• _Task details_:
Please print, exactly, only the lines in the entries below from the line that has "Alrededor de $631" through the line that has "국립생태원 지역협력 중장기". Pictures don't go in.

• _Data supplied_:
+ + +

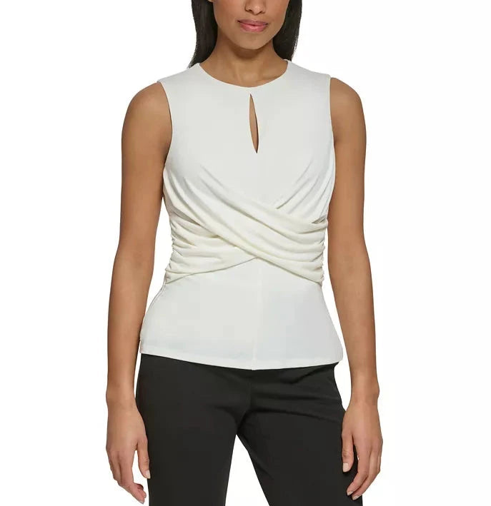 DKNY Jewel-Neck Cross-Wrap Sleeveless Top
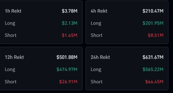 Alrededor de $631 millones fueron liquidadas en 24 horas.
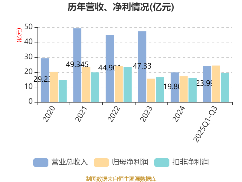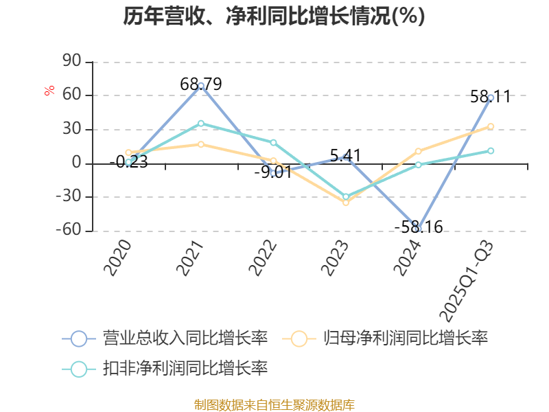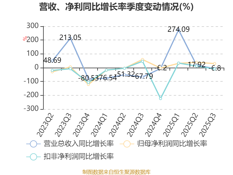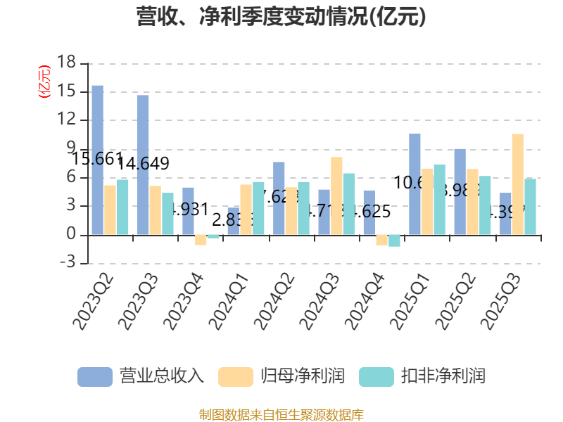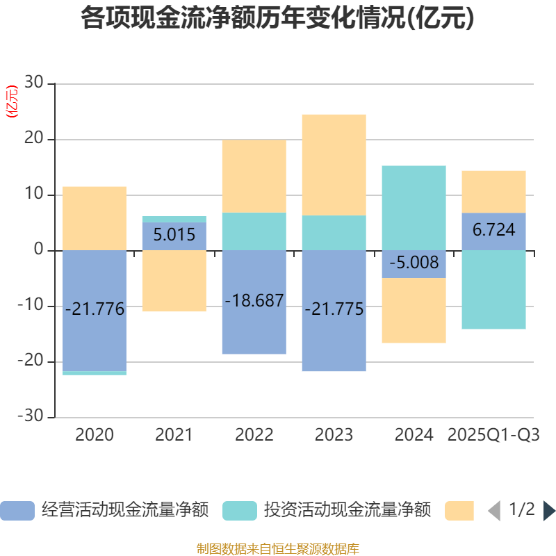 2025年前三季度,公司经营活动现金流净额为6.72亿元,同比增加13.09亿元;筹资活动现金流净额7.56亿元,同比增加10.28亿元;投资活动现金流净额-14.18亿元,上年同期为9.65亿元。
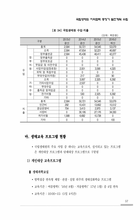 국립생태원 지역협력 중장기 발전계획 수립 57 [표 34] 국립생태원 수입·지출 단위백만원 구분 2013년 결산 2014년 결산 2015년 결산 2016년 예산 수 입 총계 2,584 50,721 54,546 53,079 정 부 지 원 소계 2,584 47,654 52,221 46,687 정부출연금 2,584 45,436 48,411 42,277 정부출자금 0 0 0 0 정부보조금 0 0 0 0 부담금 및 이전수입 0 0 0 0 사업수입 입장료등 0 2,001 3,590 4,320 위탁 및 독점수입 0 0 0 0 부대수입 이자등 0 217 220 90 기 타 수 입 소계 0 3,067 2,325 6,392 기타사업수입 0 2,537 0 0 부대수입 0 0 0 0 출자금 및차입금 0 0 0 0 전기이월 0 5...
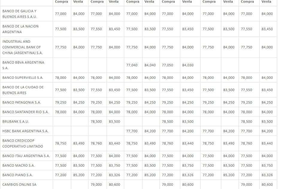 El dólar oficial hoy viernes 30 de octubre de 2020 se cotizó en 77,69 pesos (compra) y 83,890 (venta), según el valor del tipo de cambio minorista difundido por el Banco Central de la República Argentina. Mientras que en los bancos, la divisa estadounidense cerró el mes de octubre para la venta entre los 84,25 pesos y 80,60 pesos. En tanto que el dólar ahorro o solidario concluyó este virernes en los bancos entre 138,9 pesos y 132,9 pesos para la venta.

+ + +

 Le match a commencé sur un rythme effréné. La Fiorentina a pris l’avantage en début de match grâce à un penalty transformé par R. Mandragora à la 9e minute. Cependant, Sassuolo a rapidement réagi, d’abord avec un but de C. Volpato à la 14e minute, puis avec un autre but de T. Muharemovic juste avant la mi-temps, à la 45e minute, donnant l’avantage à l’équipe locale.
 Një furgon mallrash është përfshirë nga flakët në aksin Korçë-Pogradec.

+ + +

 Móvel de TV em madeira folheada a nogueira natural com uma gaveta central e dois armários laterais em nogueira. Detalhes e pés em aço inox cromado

+ + +

• _Final answer_:
 Alrededor de $631 millones fueron liquidadas en 24 horas.
 2025年前三季度,公司经营活动现金流净额为6.72亿元,同比增加13.09亿元;筹资活动现金流净额7.56亿元,同比增加10.28亿元;投资活动现金流净额-14.18亿元,上年同期为9.65亿元。
 국립생태원 지역협력 중장기 발전계획 수립 57 [표 34] 국립생태원 수입·지출 단위백만원 구분 2013년 결산 2014년 결산 2015년 결산 2016년 예산 수 입 총계 2,584 50,721 54,546 53,079 정 부 지 원 소계 2,584 47,654 52,221 46,687 정부출연금 2,584 45,436 48,411 42,277 정부출자금 0 0 0 0 정부보조금 0 0 0 0 부담금 및 이전수입 0 0 0 0 사업수입 입장료등 0 2,001 3,590 4,320 위탁 및 독점수입 0 0 0 0 부대수입 이자등 0 217 220 90 기 타 수 입 소계 0 3,067 2,325 6,392 기타사업수입 0 2,537 0 0 부대수입 0 0 0 0 출자금 및차입금 0 0 0 0 전기이월 0 5...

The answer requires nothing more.